### Work order
Give again exactly the lines that run from the start of the records to the line holding "Медицинская карта необходима", both ends counted. Do not include the pictures.

+ + + + + + +

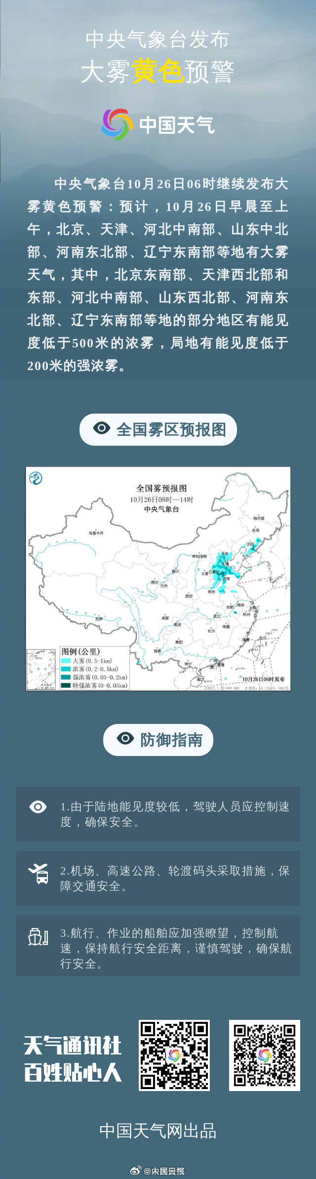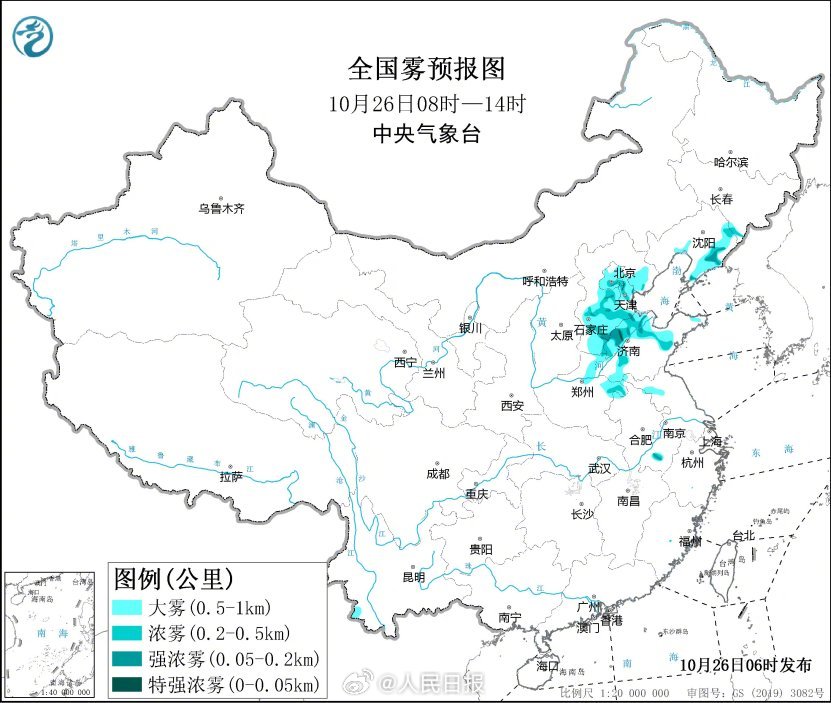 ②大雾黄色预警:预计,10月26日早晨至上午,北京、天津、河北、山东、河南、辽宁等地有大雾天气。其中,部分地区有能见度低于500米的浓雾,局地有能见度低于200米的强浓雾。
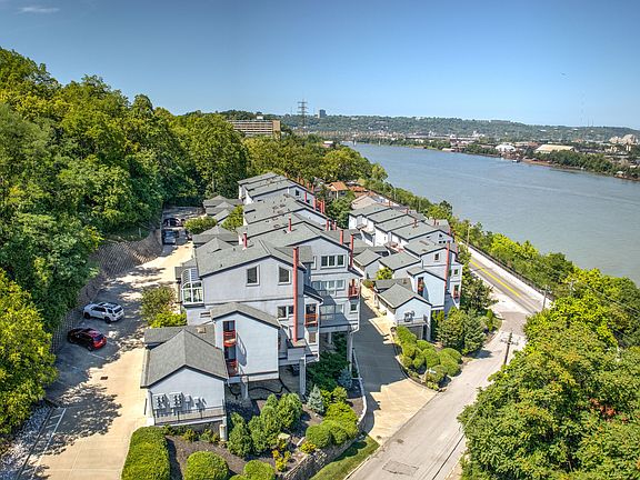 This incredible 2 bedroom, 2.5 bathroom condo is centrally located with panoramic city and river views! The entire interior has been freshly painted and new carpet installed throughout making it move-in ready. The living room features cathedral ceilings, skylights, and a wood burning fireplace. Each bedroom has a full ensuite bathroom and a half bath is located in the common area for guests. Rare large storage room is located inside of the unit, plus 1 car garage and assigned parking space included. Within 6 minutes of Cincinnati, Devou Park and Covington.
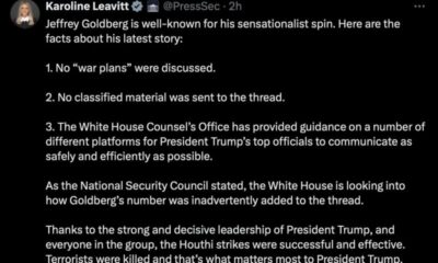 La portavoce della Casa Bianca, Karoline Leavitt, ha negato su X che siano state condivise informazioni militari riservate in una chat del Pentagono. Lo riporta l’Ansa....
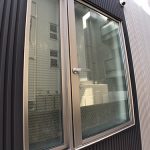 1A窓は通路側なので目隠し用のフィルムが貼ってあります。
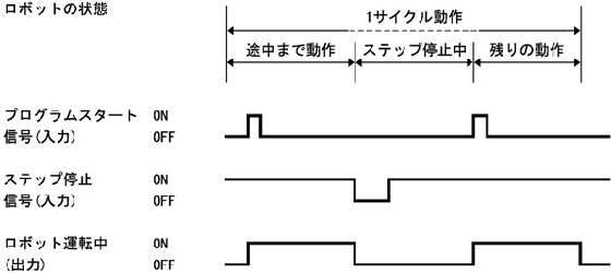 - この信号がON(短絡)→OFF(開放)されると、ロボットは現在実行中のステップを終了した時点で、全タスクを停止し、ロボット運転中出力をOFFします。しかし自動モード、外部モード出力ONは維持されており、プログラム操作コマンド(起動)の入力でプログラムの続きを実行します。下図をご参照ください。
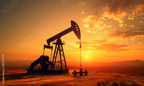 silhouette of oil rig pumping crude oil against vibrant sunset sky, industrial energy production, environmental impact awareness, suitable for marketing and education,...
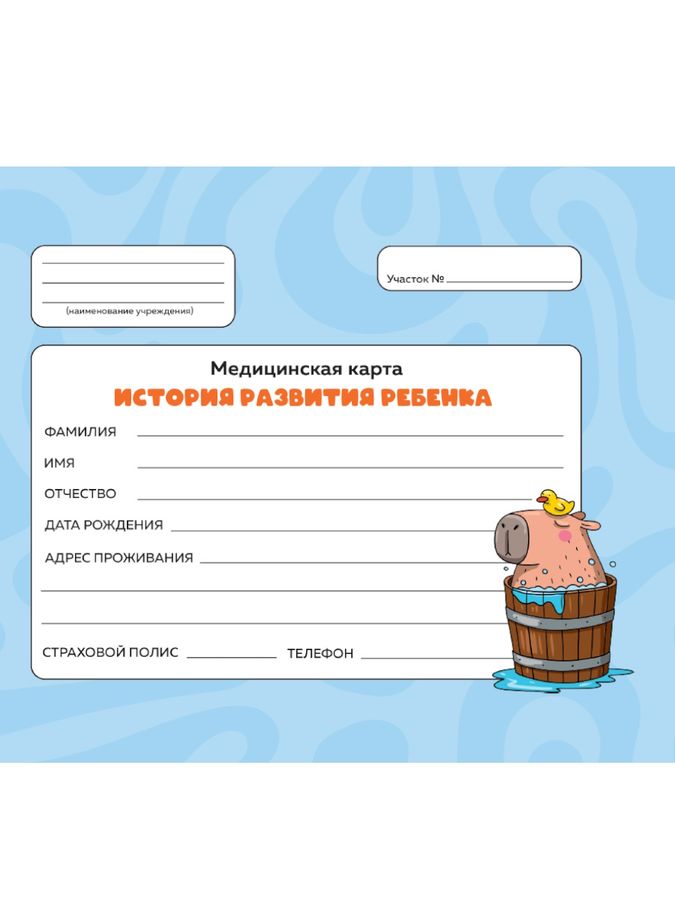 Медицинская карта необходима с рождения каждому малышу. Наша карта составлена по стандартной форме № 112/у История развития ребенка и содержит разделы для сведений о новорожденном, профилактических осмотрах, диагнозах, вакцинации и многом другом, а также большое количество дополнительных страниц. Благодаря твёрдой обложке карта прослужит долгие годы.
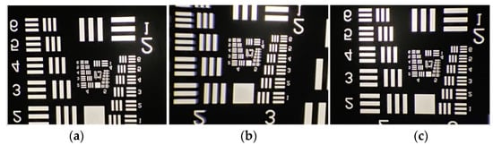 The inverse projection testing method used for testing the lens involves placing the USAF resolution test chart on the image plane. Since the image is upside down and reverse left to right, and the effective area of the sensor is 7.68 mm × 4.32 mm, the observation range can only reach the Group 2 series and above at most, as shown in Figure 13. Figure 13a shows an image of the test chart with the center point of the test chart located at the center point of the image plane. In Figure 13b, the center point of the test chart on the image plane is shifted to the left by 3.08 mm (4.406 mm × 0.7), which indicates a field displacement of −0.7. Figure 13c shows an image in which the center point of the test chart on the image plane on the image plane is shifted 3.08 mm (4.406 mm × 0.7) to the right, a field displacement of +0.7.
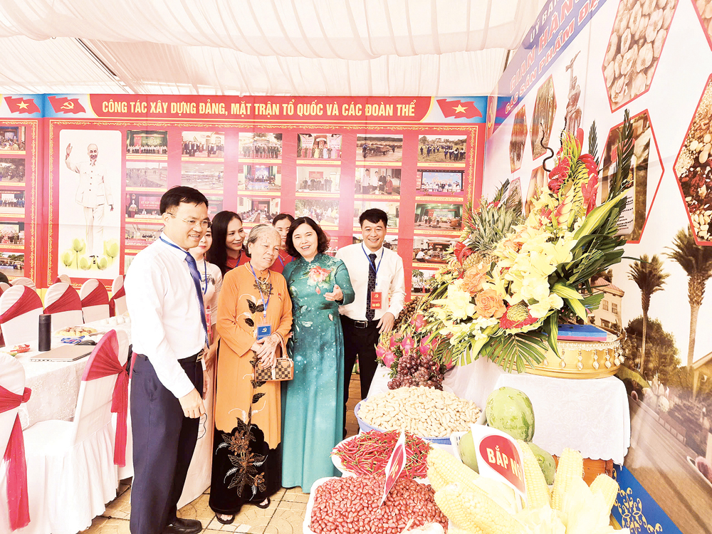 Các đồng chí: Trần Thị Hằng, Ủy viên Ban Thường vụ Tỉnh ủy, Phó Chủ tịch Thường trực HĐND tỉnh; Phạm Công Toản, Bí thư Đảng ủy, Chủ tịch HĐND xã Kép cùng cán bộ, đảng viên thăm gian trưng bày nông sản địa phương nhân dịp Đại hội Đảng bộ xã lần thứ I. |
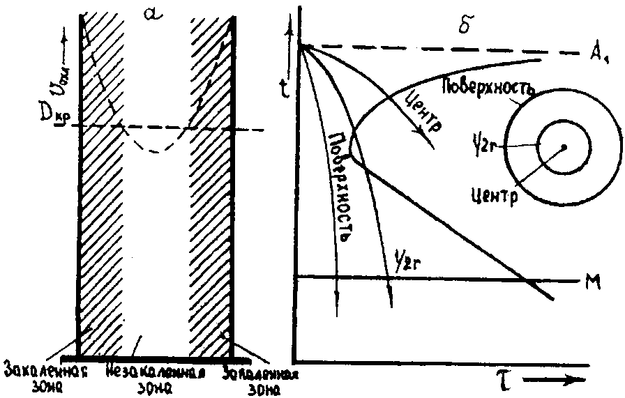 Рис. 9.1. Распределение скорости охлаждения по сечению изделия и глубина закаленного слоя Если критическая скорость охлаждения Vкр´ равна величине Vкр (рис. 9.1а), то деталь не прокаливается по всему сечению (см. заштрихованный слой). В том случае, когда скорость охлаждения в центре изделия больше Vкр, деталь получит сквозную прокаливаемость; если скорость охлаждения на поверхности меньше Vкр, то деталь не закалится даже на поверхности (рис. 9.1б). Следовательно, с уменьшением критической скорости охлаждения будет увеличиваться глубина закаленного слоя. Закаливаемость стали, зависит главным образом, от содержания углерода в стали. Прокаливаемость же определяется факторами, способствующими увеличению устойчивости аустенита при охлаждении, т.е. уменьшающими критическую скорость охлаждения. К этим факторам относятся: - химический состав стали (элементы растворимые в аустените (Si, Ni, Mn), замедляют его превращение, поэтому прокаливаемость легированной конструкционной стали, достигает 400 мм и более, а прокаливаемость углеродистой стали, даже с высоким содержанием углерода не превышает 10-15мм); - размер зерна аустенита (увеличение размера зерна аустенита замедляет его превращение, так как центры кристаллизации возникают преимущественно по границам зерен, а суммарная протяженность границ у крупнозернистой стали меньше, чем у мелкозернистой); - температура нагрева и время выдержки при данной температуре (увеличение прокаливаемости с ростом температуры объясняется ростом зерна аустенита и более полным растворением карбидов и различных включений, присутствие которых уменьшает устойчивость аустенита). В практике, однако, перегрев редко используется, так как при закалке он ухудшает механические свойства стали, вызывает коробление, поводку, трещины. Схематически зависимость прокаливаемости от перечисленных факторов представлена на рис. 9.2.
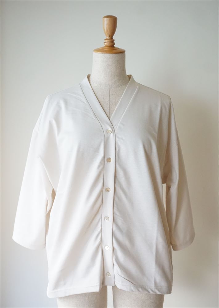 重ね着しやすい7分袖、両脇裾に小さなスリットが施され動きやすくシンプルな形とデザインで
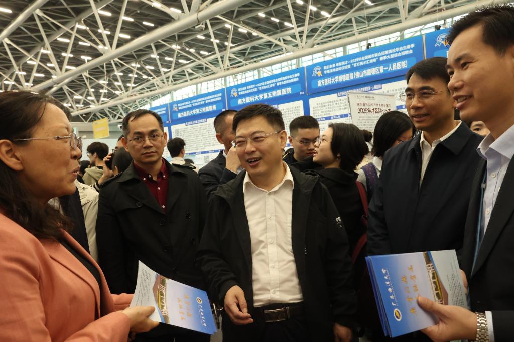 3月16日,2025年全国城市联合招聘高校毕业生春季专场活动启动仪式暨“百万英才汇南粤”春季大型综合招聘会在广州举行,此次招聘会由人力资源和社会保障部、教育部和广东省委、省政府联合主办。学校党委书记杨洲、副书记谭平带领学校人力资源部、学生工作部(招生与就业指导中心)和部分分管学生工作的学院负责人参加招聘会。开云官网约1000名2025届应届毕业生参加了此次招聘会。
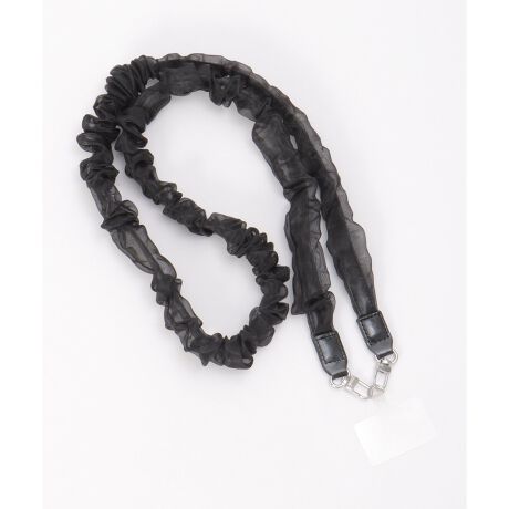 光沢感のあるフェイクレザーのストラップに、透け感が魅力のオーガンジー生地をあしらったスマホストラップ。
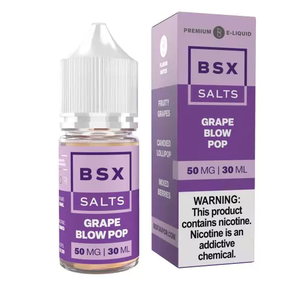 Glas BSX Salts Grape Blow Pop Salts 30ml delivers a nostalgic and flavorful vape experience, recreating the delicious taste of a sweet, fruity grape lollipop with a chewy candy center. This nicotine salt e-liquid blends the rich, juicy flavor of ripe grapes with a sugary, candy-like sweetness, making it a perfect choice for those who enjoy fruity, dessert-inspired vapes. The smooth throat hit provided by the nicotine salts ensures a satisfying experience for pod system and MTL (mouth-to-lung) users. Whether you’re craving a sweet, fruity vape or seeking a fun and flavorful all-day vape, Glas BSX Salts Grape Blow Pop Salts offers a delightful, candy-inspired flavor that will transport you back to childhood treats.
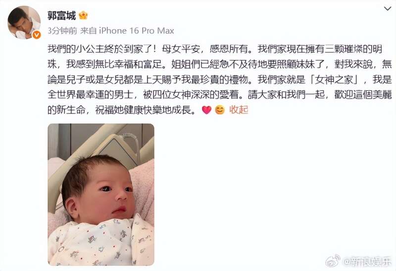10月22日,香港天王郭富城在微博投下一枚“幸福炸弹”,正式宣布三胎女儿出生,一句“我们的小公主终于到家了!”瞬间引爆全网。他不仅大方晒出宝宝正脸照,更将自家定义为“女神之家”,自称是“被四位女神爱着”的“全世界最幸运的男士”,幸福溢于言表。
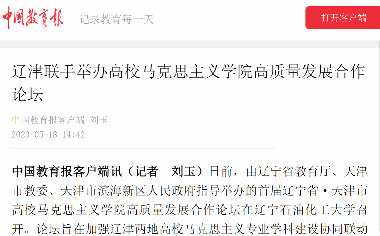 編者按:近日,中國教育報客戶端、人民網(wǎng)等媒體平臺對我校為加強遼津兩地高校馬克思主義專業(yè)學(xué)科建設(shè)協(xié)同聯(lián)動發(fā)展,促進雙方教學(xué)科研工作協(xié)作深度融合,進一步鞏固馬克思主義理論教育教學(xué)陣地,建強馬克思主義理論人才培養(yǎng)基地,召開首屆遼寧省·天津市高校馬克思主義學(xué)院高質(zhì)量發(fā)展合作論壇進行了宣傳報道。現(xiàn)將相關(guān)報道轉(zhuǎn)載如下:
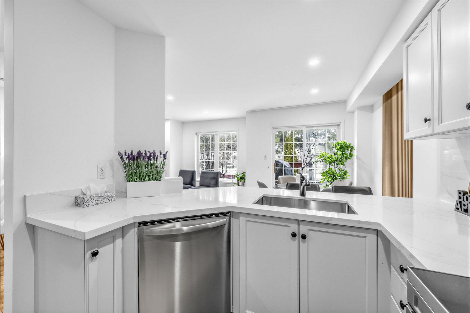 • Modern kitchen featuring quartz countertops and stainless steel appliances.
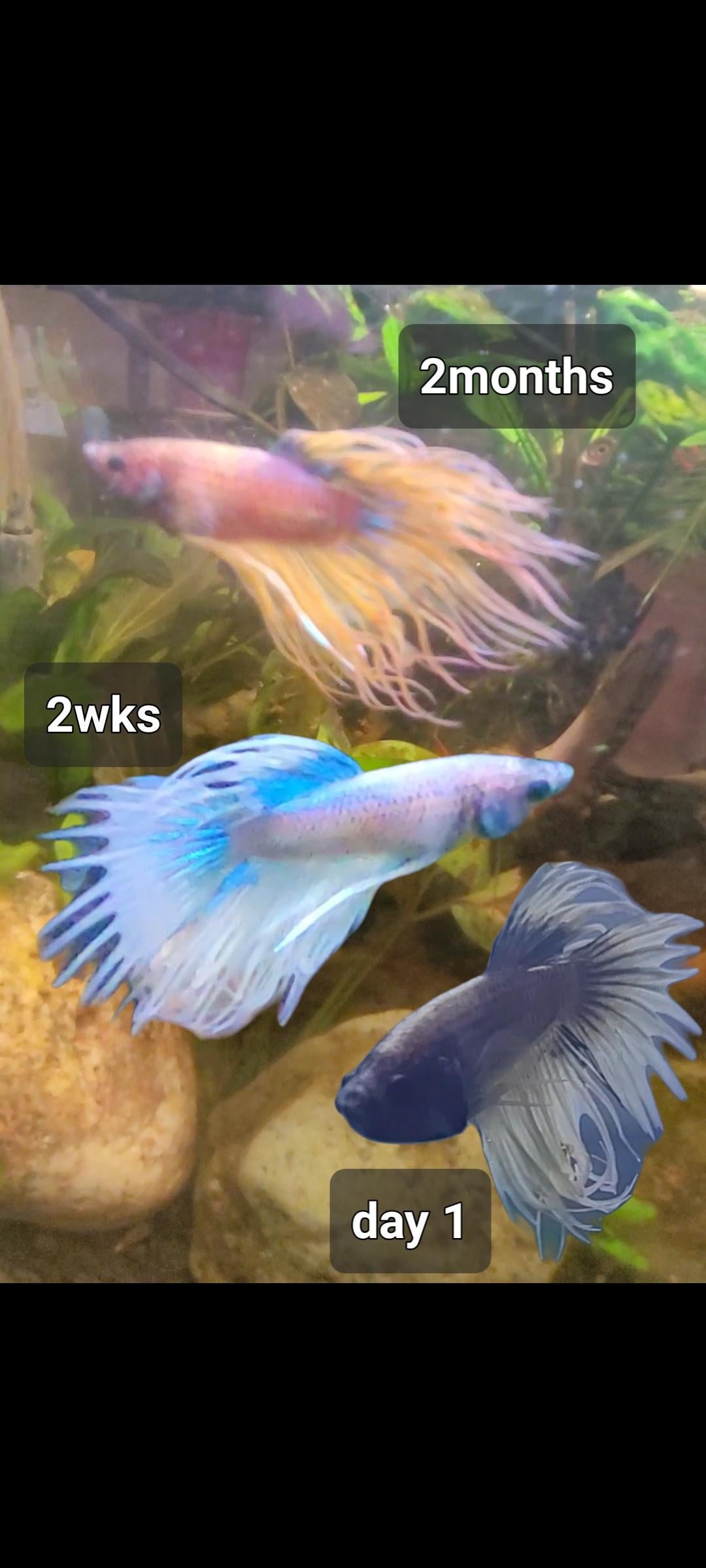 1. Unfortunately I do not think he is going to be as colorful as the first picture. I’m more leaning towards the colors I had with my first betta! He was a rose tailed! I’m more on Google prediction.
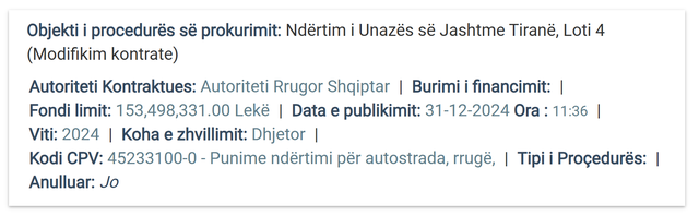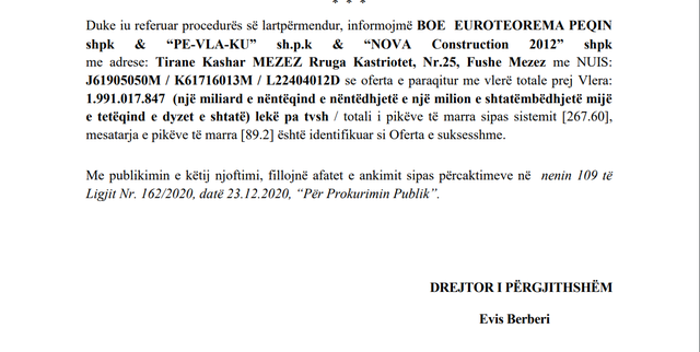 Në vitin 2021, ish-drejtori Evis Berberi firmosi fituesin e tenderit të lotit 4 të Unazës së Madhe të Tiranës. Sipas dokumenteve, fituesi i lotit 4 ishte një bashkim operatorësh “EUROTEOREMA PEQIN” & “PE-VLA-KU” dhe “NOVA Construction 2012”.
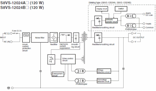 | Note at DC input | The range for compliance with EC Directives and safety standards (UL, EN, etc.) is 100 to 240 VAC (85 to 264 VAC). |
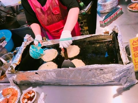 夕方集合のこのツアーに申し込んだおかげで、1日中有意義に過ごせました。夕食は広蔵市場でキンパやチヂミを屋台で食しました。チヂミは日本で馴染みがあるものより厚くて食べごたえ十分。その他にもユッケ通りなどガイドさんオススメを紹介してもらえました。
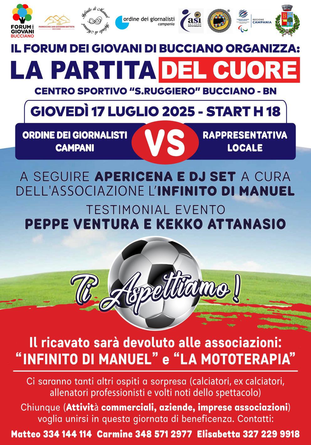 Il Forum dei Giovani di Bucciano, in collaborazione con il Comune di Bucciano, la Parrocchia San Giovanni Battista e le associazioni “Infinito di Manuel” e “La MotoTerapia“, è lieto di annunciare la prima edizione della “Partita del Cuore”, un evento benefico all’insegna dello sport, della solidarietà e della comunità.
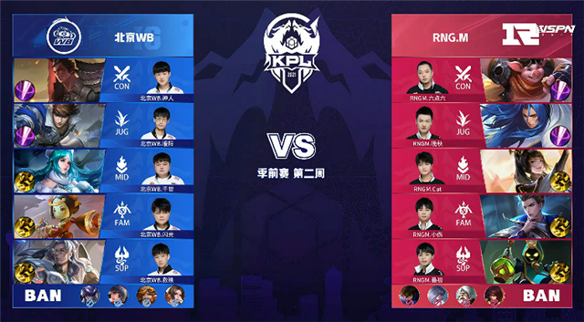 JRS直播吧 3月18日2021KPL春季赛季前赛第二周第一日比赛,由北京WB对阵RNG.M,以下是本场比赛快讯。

+ + + + + + +

### Answer to this exercise
 ②大雾黄色预警:预计,10月26日早晨至上午,北京、天津、河北、山东、河南、辽宁等地有大雾天气。其中,部分地区有能见度低于500米的浓雾,局地有能见度低于200米的强浓雾。
 This incredible 2 bedroom, 2.5 bathroom condo is centrally located with panoramic city and river views! The entire interior has been freshly painted and new carpet installed throughout making it move-in ready. The living room features cathedral ceilings, skylights, and a wood burning fireplace. Each bedroom has a full ensuite bathroom and a half bath is located in the common area for guests. Rare large storage room is located inside of the unit, plus 1 car garage and assigned parking space included. Within 6 minutes of Cincinnati, Devou Park and Covington.
 La portavoce della Casa Bianca, Karoline Leavitt, ha negato su X che siano state condivise informazioni militari riservate in una chat del Pentagono. Lo riporta l’Ansa....
 1A窓は通路側なので目隠し用のフィルムが貼ってあります。
 - この信号がON(短絡)→OFF(開放)されると、ロボットは現在実行中のステップを終了した時点で、全タスクを停止し、ロボット運転中出力をOFFします。しかし自動モード、外部モード出力ONは維持されており、プログラム操作コマンド(起動)の入力でプログラムの続きを実行します。下図をご参照ください。
 silhouette of oil rig pumping crude oil against vibrant sunset sky, industrial energy production, environmental impact awareness, suitable for marketing and education,...
 Медицинская карта необходима с рождения каждому малышу. Наша карта составлена по стандартной форме № 112/у История развития ребенка и содержит разделы для сведений о новорожденном, профилактических осмотрах, диагнозах, вакцинации и многом другом, а также большое количество дополнительных страниц. Благодаря твёрдой обложке карта прослужит долгие годы.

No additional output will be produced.